──────── Given information

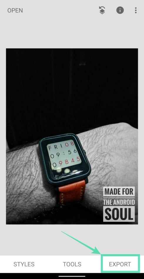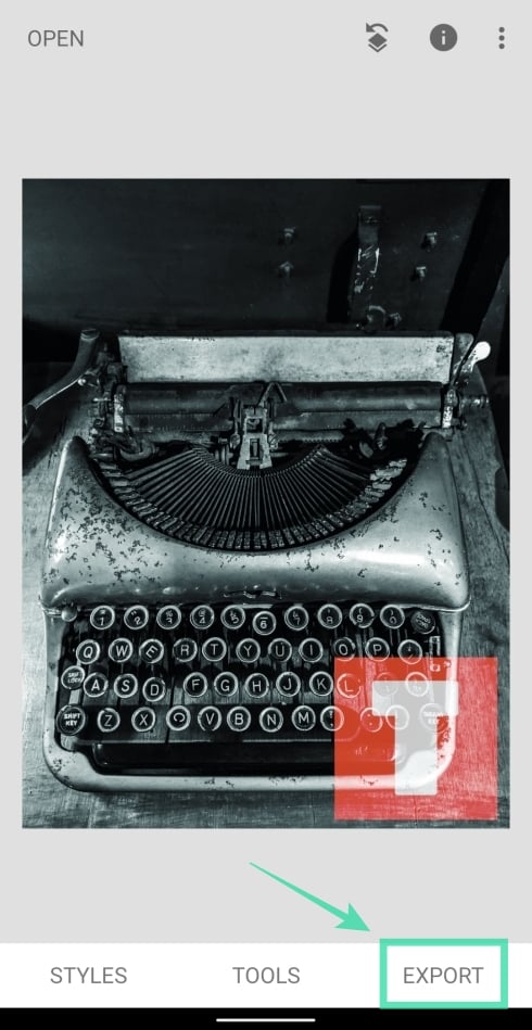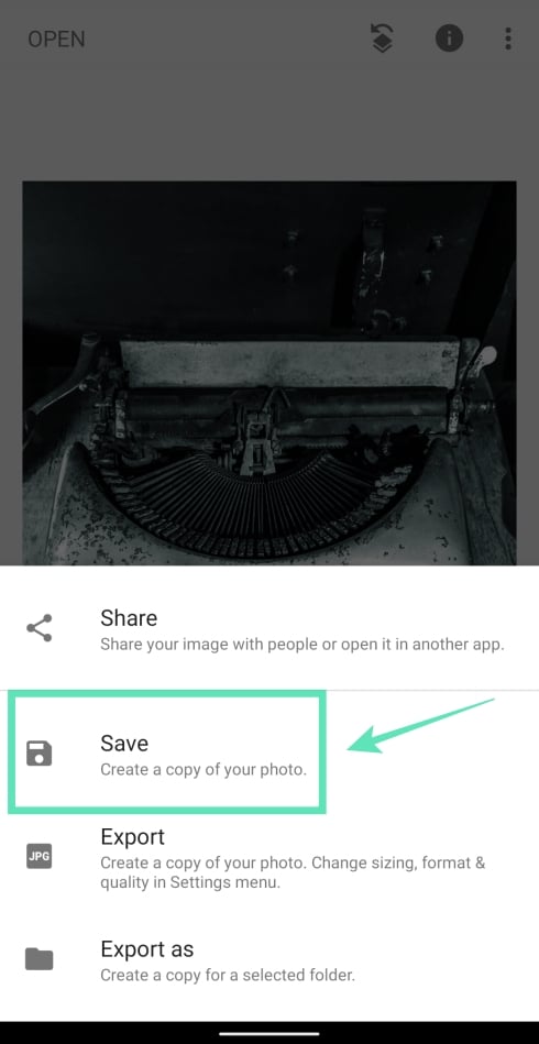 Step 13: To save the edited picture, tap on the Export tab at the bottom and select Save. You can also share this picture directly from Snapseed by tapping on Share and then select an app or contact to share to, from the Share menu.
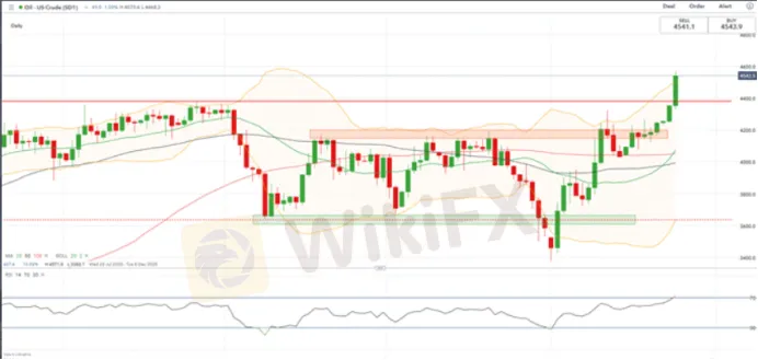 WikiFX Notizie (26 novembre) - Mercoledì, il greggio WTI si è stabilizzato a $ 45,0 e ha raggiunto un massimo intraday di $ 46,24, un nuovo massimo di otto mesi e mezzo dal 6 marzo. Tuttavia, i prezzi del petrolio devono ancora affrontare rischi a breve termine.
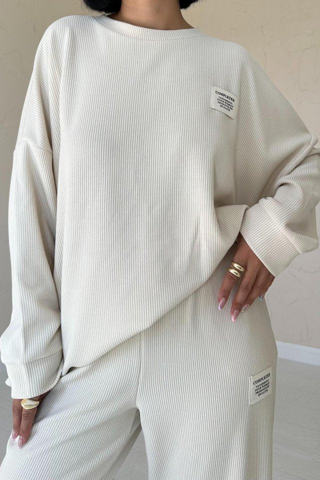 Bej Klasik Fitilli Kazak Ve Pantolon Takım
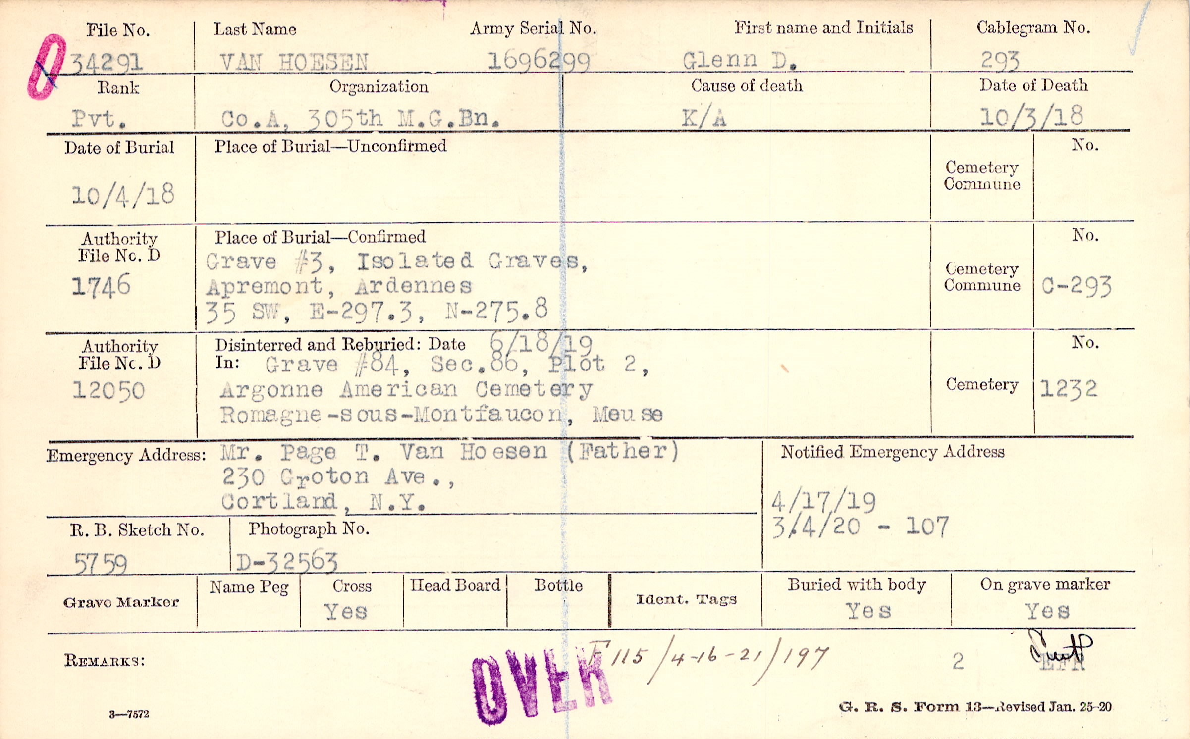 Grave #3, Isolated Graves, Apremont, Ardennes, 35 SW

────────────────

The problem → Only the lines from the one containing "Bej Klasik Fitilli Kazak Ve Pantolon Takım" to the end of the listing belong in the answer, exactly as they stand and with no pictures.

Answer to this task →
 Bej Klasik Fitilli Kazak Ve Pantolon Takım
 Grave #3, Isolated Graves, Apremont, Ardennes, 35 SW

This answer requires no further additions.